But yeah, had I stuck with them at the beginning, I'd be madly coding to get
rid of them now, as I can't justify the cost at this point in my business.

I bet in the long run, this will be seen as a good and bold move for Chargify,
though.

------
ABrandt
I've done a good amount of research in this space and I don't think I could be
more emphatic when I say go with Braintree. In one way or another, just about
every payment provider I've come across has this underlying "we're going to
screw you" feel to it. With Braintree's emphasis on education and openness, I
just don't see it with them. What may cost you slightly more now will save you
boatloads down the road.

------
tgiles
As I've continued my research, talked to representatives and users of all the
initially mentioned services, I definitely agree with both of your comments
ABrandt and damoncali. Braintree and Chargify seem to be leading the pack.
Chargify has a more feature-rich, and developed recurring billing platform
than Braintree, but Braintree has a lot of other benefits and seem to be
quickly expanding their recurring billing quickly.

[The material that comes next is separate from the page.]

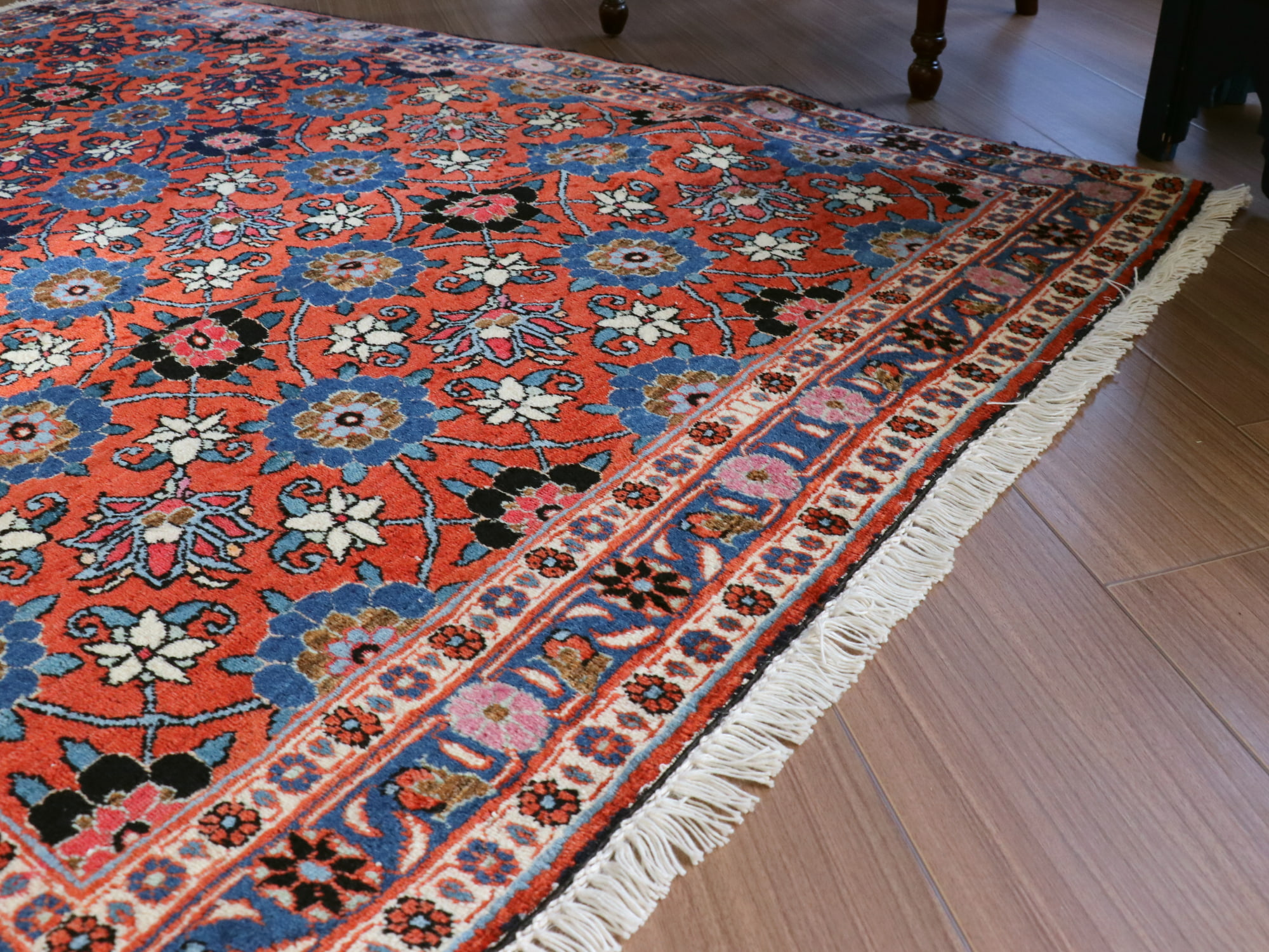 テヘランから南に50km程離れた町ヴェラミンで織られたじゅうたんです。全面総柄のデザインで、中央部分はミナカニ(Mina Khani)と呼ばれるヴェラミン地方の伝統柄の円形ラティスが連なります。花束には鳥や蝶も描かれています。中央のメダリオンがない連続模様なので、フロアに敷くとレトロなタイルのようにも見えます。アンティーク家具などと合わせた、ヨーロピアンクラシックなコーディネートに欠かせない上品な一枚。

If we already had a merchant account or payment gateway Chargify would
definitely be the right fit, but I too am apprehensive about their longevity.
It remains a tough call, though, since the field still feels in infancy with
no clear winners. At the moment it feels as if we're leaning towards
Braintree, which appears to be more secure in the long term, professionally
managed, and offers a nice set of quickly growing features to their already
rock-solid service. Next step will be to start playing around with both
platforms and see if either one stands out in practicality.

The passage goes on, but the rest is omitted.